I have been trying to work with the Projector and Ray classes in order to do some collision detection demos. I have started just trying to use the mouse to select objects or
Projector.unprojectVector() treats the vec3 as a position. During the process the vector gets translated, hence we use .sub(camera.position) on it. Plus we need to normalize it after after this operation.
I will add some graphics to this post but for now I can describe the geometry of the operation.
We can think of the camera as a pyramid in terms of geometry. We in fact define it with 6 panes - left, right, top, bottom, near and far (near being the plane closest to the tip).
If we were standing in some 3d and observing these operations, we would see this pyramid in an arbitrary position with an arbitrary rotation in space. Lets say that this pyramid's origin is at it's tip, and it's negative z axis runs towards the bottom.
Whatever ends up being contained within those 6 planes will end up being rendered on our screen if we apply the correct sequence of matrix transformations. Which i opengl go something like this:
NDC_or_homogenous_coordinates = projectionMatrix * viewMatrix * modelMatrix * position.xyzw;
This takes our mesh from it's object space into world space, into camera space and finally it projects it does the perspective projection matrix which essentially puts everything into a small cube (NDC with ranges from -1 to 1).
Object space can be a neat set of xyz coordinates in which you generate something procedurally or say, a 3d model, that an artist modeled using symmetry and thus neatly sits aligned with the coordinate space, as opposed to an architectural model obtained from say something like REVIT or AutoCAD.
An objectMatrix could happen in between the model matrix and the view matrix, but this is usually taken care of ahead of time. Say, flipping y and z, or bringing a model thats far away from the origin into bounds, converting units etc.
If we think of our flat 2d screen as if it had depth, it could be described the same way as the NDC cube, albeit, slightly distorted. This is why we supply the aspect ratio to the camera. If we imagine a square the size of our screen height, the remainder is the aspect ratio that we need to scale our x coordinates.
Now back to 3d space.
We're standing in a 3d scene and we see the pyramid. If we cut everything around the pyramid, and then take the pyramid along with the part of the scene contained in it and put it's tip at 0,0,0, and point the bottom towards the -z axis we will end up here:
viewMatrix * modelMatrix * position.xyzw
Multiplying this by the projection matrix will be the same as if we took the tip, and started pulling it appart in the x and y axis creating a square out of that one point, and turning the pyramid into a box.
In this process the box gets scaled to -1 and 1 and we get our perspective projection and we end up here:
projectionMatrix * viewMatrix * modelMatrix * position.xyzw;
In this space, we have control over a 2 dimensional mouse event. Since it's on our screen, we know that it's two dimensional, and that it's somewhere within the NDC cube. If it's two dimensional, we can say that we know X and Y but not the Z, hence the need for ray casting.
So when we cast a ray, we are basically sending a line through the cube, perpendicular to one of it's sides.
Now we need to figure out if that ray hits something in the scene, and in order to do that we need to transform the ray from this cube, into some space suitable for computation. We want the ray in world space.
Ray is an infinite line in space. It's different from a vector because it has a direction, and it must pass through a point in space.
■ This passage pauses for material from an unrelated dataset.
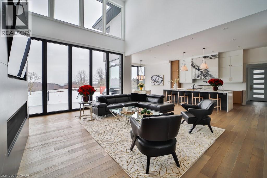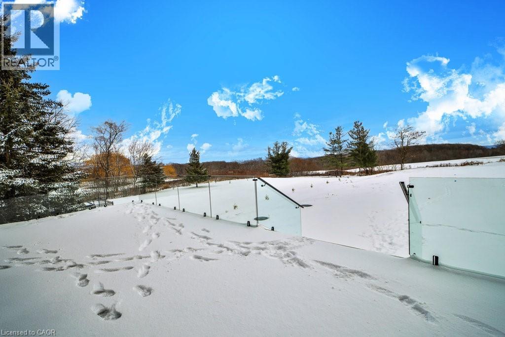 Incredible one year old modern home, 4650 sq ft of above grade living space, with 1700 sq ft finished walk up basement. Enjoy the beautiful views of Escarpment and Lake Ontario, backing on to the Bruce trail and farm land. Five bedrooms all with ensuits, a Nanny suite with separate entrance. Three extra powder rooms (total 8 bathrooms) for convenience. Take in beautiful sunrises from the east and watch breathtaking sunsets in the west from this one acre lot. This home has been designed with ease of living, allowing 22 parking spots on this one acre lot. The backyard has plenty of space to design your own oasis. Convenient country living on Burlington's prestigious #1 sideroad, only minutes away from all amenities. LUXURY CERTIFIED. (id:64974)

And indeed this is how the Raycaster takes its arguments.
So if we squeeze the top of the box along with the line, back into the pyramid, the line will originate from the tip and run down and intersect the bottom of the pyramid somewhere between -- mouse.x * farRange and -mouse.y * farRange.
(-1 and 1 at first, but view space is in world scale, just rotated and moved)
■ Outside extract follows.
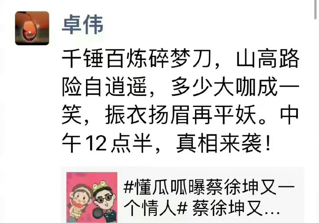 巧合的是,蔡徐坤发文回应的日子,正是娱记预告的曝光蔡徐坤另一个“小情人”的日子。
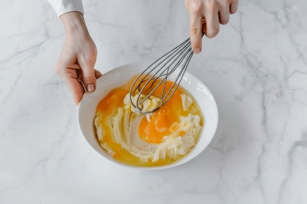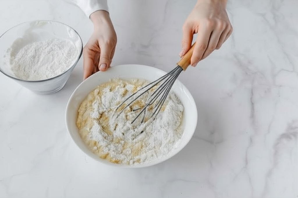 Po chwili dodajemy mąki i dolewamy mleko. Starannie mieszamy.

Since this is the default location of the camera so to speak (it's object space) if we apply it's own world matrix to the ray, we will transform it along with the camera.
Since the ray passes through 0,0,0, we only have it's direction and THREE.Vector3 has a method for transforming a direction:
THREE.Vector3.transformDirection()
It also normalizes the vector in the process.
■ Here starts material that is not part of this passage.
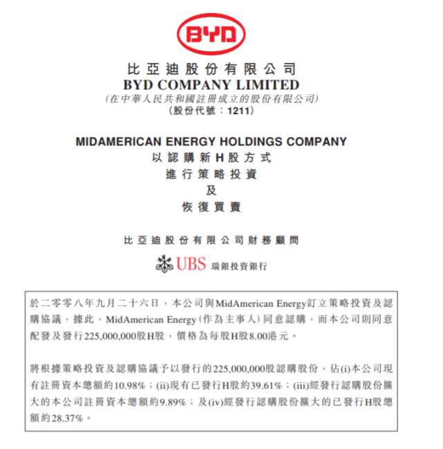 本报记者 李昱丞 在持有比亚迪近14年后,巴菲特选择落袋为安。8月30日,港交所披露易表现,伯克希尔哈撒韦8月24日以约277.10港元/股的均价,出售133.10万股比亚迪H股,套现约3.69亿港元。本次减持后,巴菲特仍持有比亚迪约2.19亿股,占H股比例降至19.92%。 受到消息影响,8月31日,港股比亚迪股份(01211.HK)低开低走,一度跌近13%。A股比亚迪(002594.SZ)一度跌超8%,失守300元/股大关。 此前7月11日,花旗银行席位持有比亚迪股份股数增长约2.25亿股,恰好和伯克希尔哈撒韦持有的比亚迪H股股份数目雷同,引发外界对巴菲特减持比亚迪动作的推测。 回首巴菲特投资比亚迪进程,根据比亚迪公告,2008年9月26日,伯克希尔哈撒韦旗下附属公司MidAmerican Energy(中美能源控股公司)斥资2.3亿美元(约18亿港元)以每股8港元的代价,认购比亚迪H股2.25亿股。 在近14年的时间中,只管比亚迪股价颠簸幅度较大,比方2009年10月下旬至2011年10月下旬跌幅超80%,但是巴菲特刚强持有,一股未卖。在公开场合,巴菲特反复力挺比亚迪,他把王传福列为自己最欣赏的四位CEO之一,巴菲特搭档芒格则歌颂王传福是“爱迪生和杰克韦尔奇的肴杂体”。 这种服从也为巴菲特带来高出33倍的回报。2020年3月尾以来,比亚迪股价走入上行通道,市值一度突破万亿元,逾越大众团体排名环球车企第三,仅次于特斯拉和丰田。按照8月24日减持代价277.10港元/股盘算,不计分红派息,巴菲特在比亚迪股份这只股票上得到了33.64倍收益。 值得留意的是,巴菲特减持比亚迪的时点选择在比亚迪披露中报之前、上半年竣事之后。比亚迪于8月29日晚间公布2022年半年报,其表现停止6月尾伯克希尔哈撒韦旗下WESTERN CAPITAL GROUP LLC(原MidAmerican Energy)持有2.25亿股,尚未开始减持。 比亚迪方面人士告诉《证券日报》记者,根据港股规则,伯克希尔哈撒韦公司持有比亚迪H股比例变动超过整数比例时必要公示,该公司停止2022年6月30日持股2.25亿股,H股持股比例20.49%;停止2022年8月24日持股约2.19亿股,持股比例19.92%,对方在股份变动导致持股比例超过20%时在联交所公示。 当前,比亚迪正处于业绩发作期。根据中报,比亚迪上半年分别实现营收、归母净利润1506.07亿元、35.95亿元,分别同比增长65.71%、206.35%,归母净利润已经高出客岁整年。公司1-6月份累计贩卖新能源汽车64.14万辆,累计同比增长314.90%;此中新能源乘用车63.82万辆,累计同比增长324.84%,已经高出客岁整年汽车销量。同时,上半年比亚迪连续4个月保持单月“10万+”销量,逾越特斯拉成为环球新能源汽车销冠。 “巴菲特此时减持或和其旗下投资公司近期业绩有关。”深度科技研究院院长张孝荣在担当《证券日报》记者采访时以为,比亚迪股价固然靠近汗青高位,但是比亚迪把握了新能源汽车财产上卑鄙关键环节,成为一家新能源生态核心企业,发展性较高。 陪同着美股颠簸,伯克希尔哈撒韦第二季度业绩并不理想,第二季度总收入同比增长10.22%至761.8亿美元,但由于投资及衍生品合约的账面亏损669.19亿美元,第二季度股东应占净亏损高达437.55亿美元,客岁同期净利润为280.94亿美元。 (编辑 孙倩) |

The Z coordinate in the method above
This essentially works with any value, and acts the same because of the way the NDC cube works. The near plane and far plane are projected onto -1 and 1.
So when you say, shoot a ray at:
[ mouse.x | mouse.y | someZpositive ]
you send a line, through a point (mouse.x, mouse.y, 1) in the direction of (0,0,someZpositive)
If you relate this to the box/pyramid example, this point is at the bottom, and since the line originates from the camera it goes through that point as well.
BUT, in the NDC space, this point is stretched to infinity, and this line ends up being parallel with the left,top,right,bottom planes.
Unprojecting with the above method turns this into a position/point essentially. The far plane just gets mapped into world space, so our point sits somewhere at z=-1, between -camera aspect and + cameraAspect on X and -1 and 1 on y.
since it's a point, applying the cameras world matrix will not only rotate it but translate it as well. Hence the need to bring this back to the origin by subtracting the cameras position.